[Dataset records]
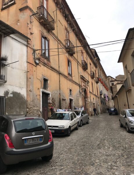 La dimora più antica è databile a metà del 500, in stile aragonese come l’imponente portale coronato dallo stemma della casata. I tufi consumati, i solchi dell’umidità nelle paraste, il legno annerito e vandalizzato fanno ancora trasparire il grande fasto che doveva abbracciare anticamente il palazzo.
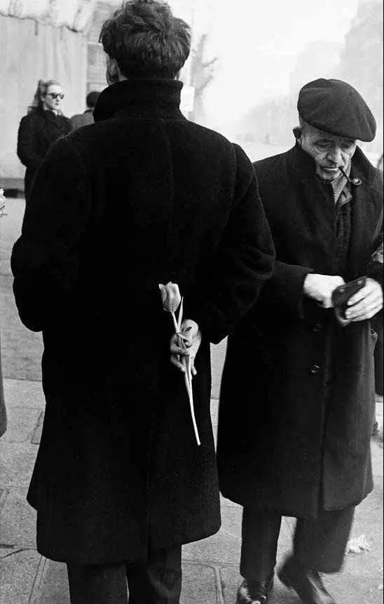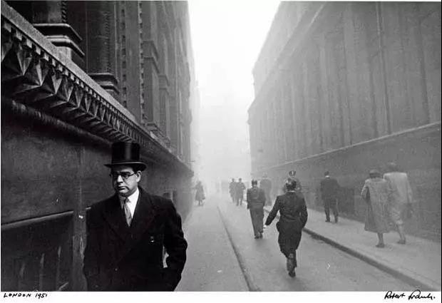 返回紐約后, 1949~1953 年期間,弗蘭克又多次前往歐洲各國,先是拍攝花都巴黎,制作了一本以鮮花為主題的影集,送給他的未婚妻;后來拍攝了英國倫敦濃霧中銀行家頭戴圓頂禮帽、身著大衣、手持雨傘或手杖來去匆匆的典型英國人形象,以及滿臉漆黑的威爾士礦工辛苦勞動的照片;在西班牙他捕捉到一頭背插匕首的牛面對斗牛士的精彩畫面。他在每座城市都尋找最有代表性的意象,通過片斷的、稍縱即逝和內省的個人化影像,并將它們作為一個整體,共同表達他對該城市的感受。
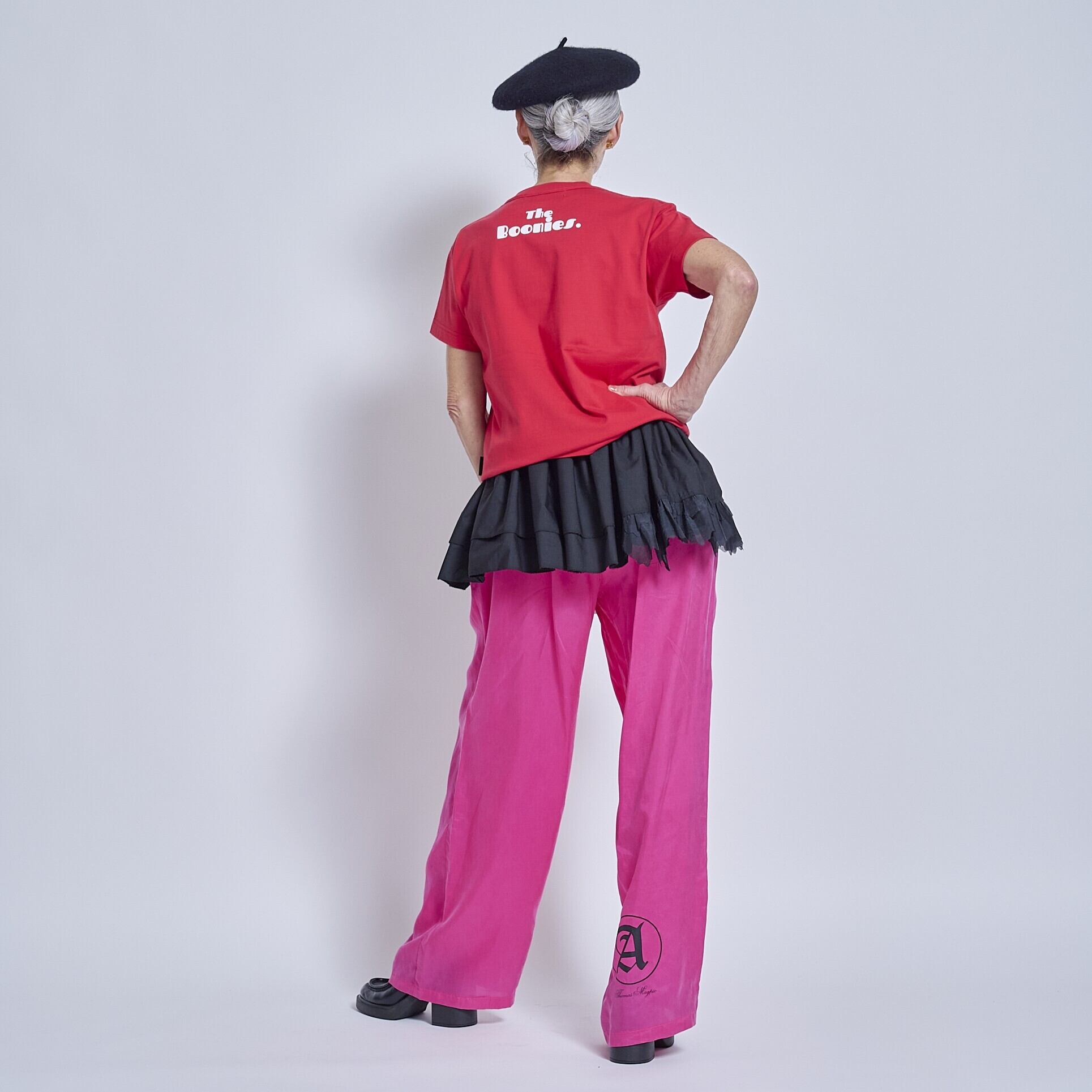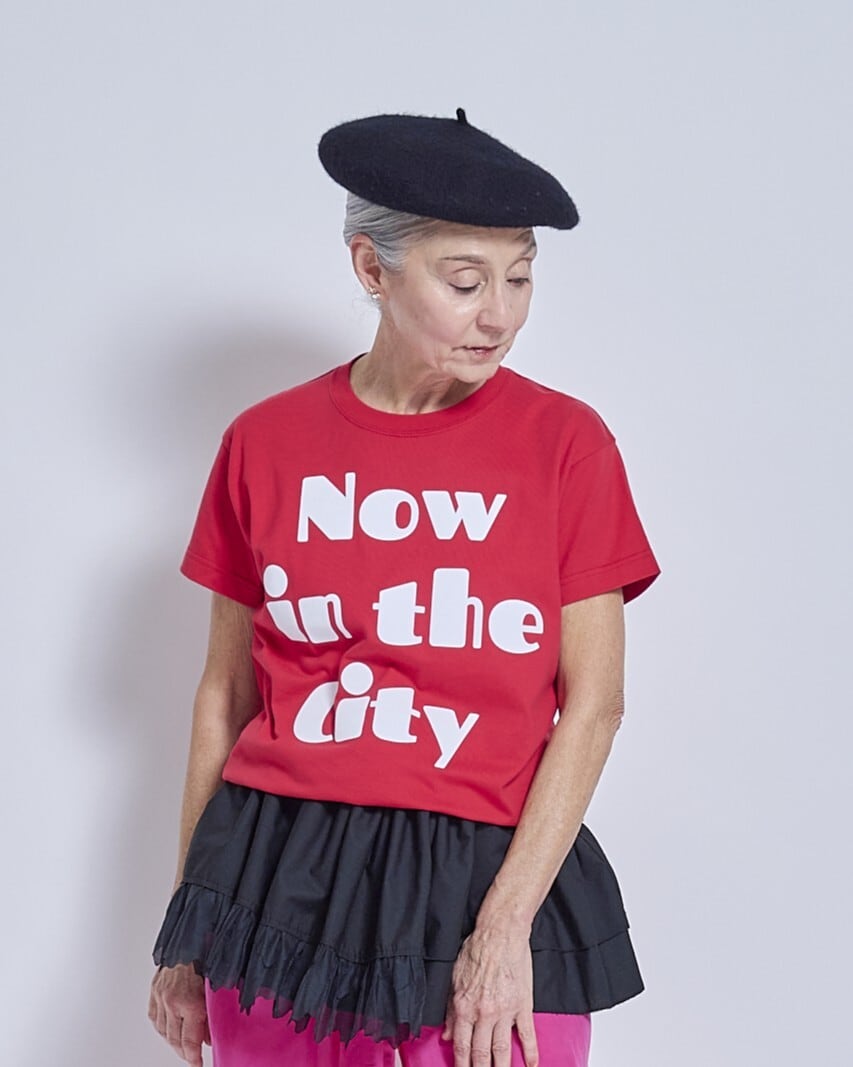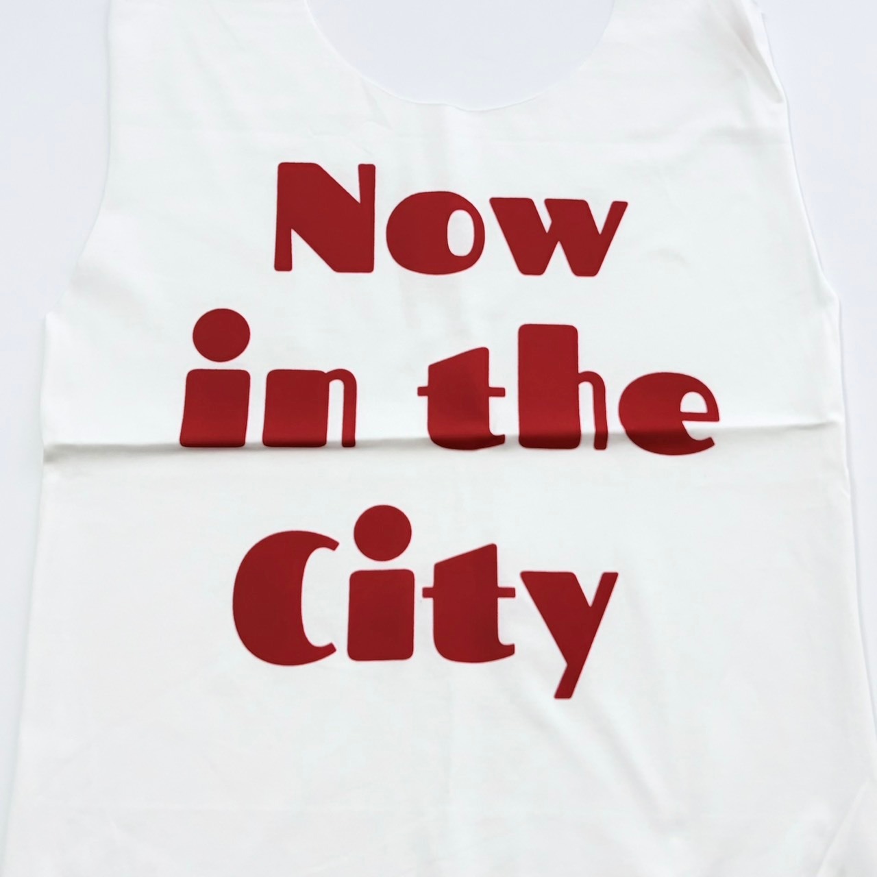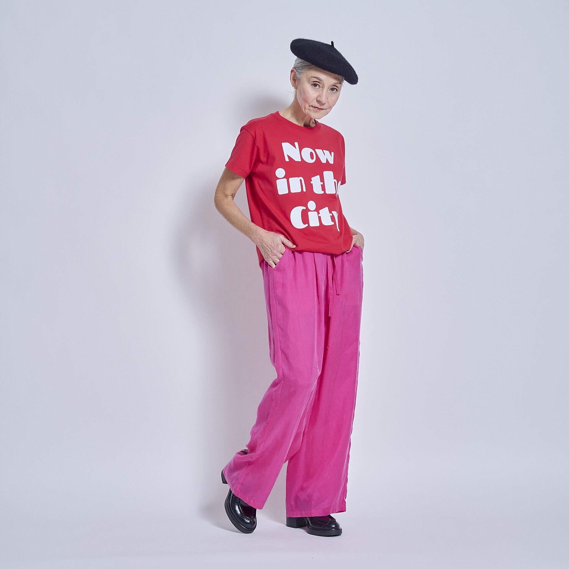 ロゴはNOW IN THE CITY 今は都会に住んでるけどね、という意味合いのロゴをフロッキープリントで入れています。ちょっと80年代風のポップなフォントが特徴です。最近ブームのフォントが常にあります。80年代のかわいいフォント、幼少期に田舎で見ていた頃のフォントと組み合わせています。トキシック(蛍光)ピンクの少し浮き出てぽってりしているフロッキープリントがとても良い感じに仕上がりました。今回は、このピンクロゴに合わせて、予約販売中のキュプラのトキシックピンクのパンツがベストマッチでお勧めです。
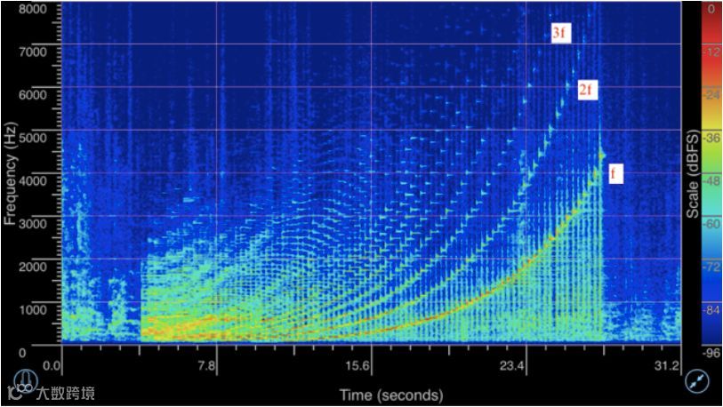 从图里我们看到,每次按下钢琴的一个键,都会产生基频和二次三次等倍频,基频和每个倍频都分别构成一条完美平滑的指数曲线。如果钢琴不是按十二平均律调出来的,这些曲线就会多少显得有点坑坑洼洼的。
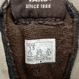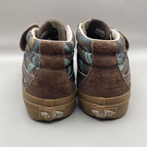 The Vans Sk8-Mid Sloth Strap Shoes in kids boys size 1.5 are stylish athletic sneakers with a floral pattern, featuring a hook & loop closure for easy wear. Made with brown suede upper material and a rubber outsole, these shoes offer comfort and support for boys on the go. The adjustable strap adds convenience and a personalized fit, while the fabric lining ensures a soft feel against the skin. Perfect for everyday wear or casual outings, these Vans shoes combine fashion and functionality for young boys.
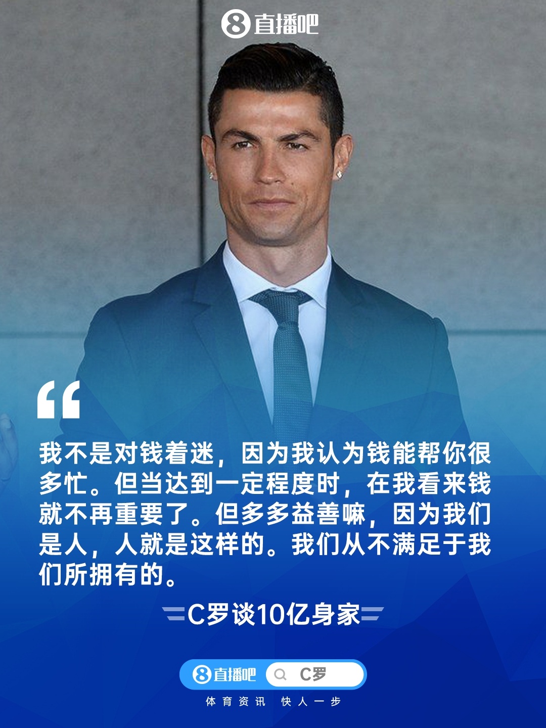 不在乎钱罗总裁C罗:10亿刀身家?到了一定程度钱就不重要了
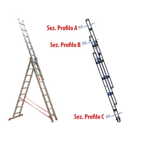 SCALA PROMO STEP TRIPLICI ALLUMINIO GRADINI 3X9 KG 13,4 ALTEZZA MAX 5,29 MT
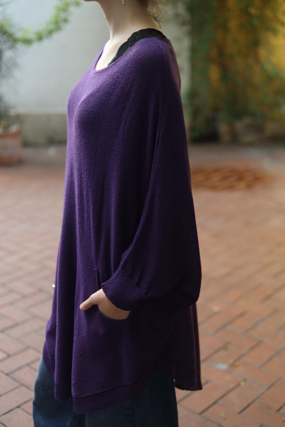 Mor Oval Kesim Cepli Triko Tunik (KTNK-LAM-009-AK-MO-STD)

> _GOAL OF THE EXERCISE_
Starting with the line that contains "从图里我们看到,每次按下钢琴", print every remaining line of the records above, exactly as it stands. Do not print the pictures.

> _RESPONSE FOR THIS EXERCISE_
 从图里我们看到,每次按下钢琴的一个键,都会产生基频和二次三次等倍频,基频和每个倍频都分别构成一条完美平滑的指数曲线。如果钢琴不是按十二平均律调出来的,这些曲线就会多少显得有点坑坑洼洼的。
 The Vans Sk8-Mid Sloth Strap Shoes in kids boys size 1.5 are stylish athletic sneakers with a floral pattern, featuring a hook & loop closure for easy wear. Made with brown suede upper material and a rubber outsole, these shoes offer comfort and support for boys on the go. The adjustable strap adds convenience and a personalized fit, while the fabric lining ensures a soft feel against the skin. Perfect for everyday wear or casual outings, these Vans shoes combine fashion and functionality for young boys.
 不在乎钱罗总裁C罗:10亿刀身家?到了一定程度钱就不重要了
 SCALA PROMO STEP TRIPLICI ALLUMINIO GRADINI 3X9 KG 13,4 ALTEZZA MAX 5,29 MT
 Mor Oval Kesim Cepli Triko Tunik (KTNK-LAM-009-AK-MO-STD)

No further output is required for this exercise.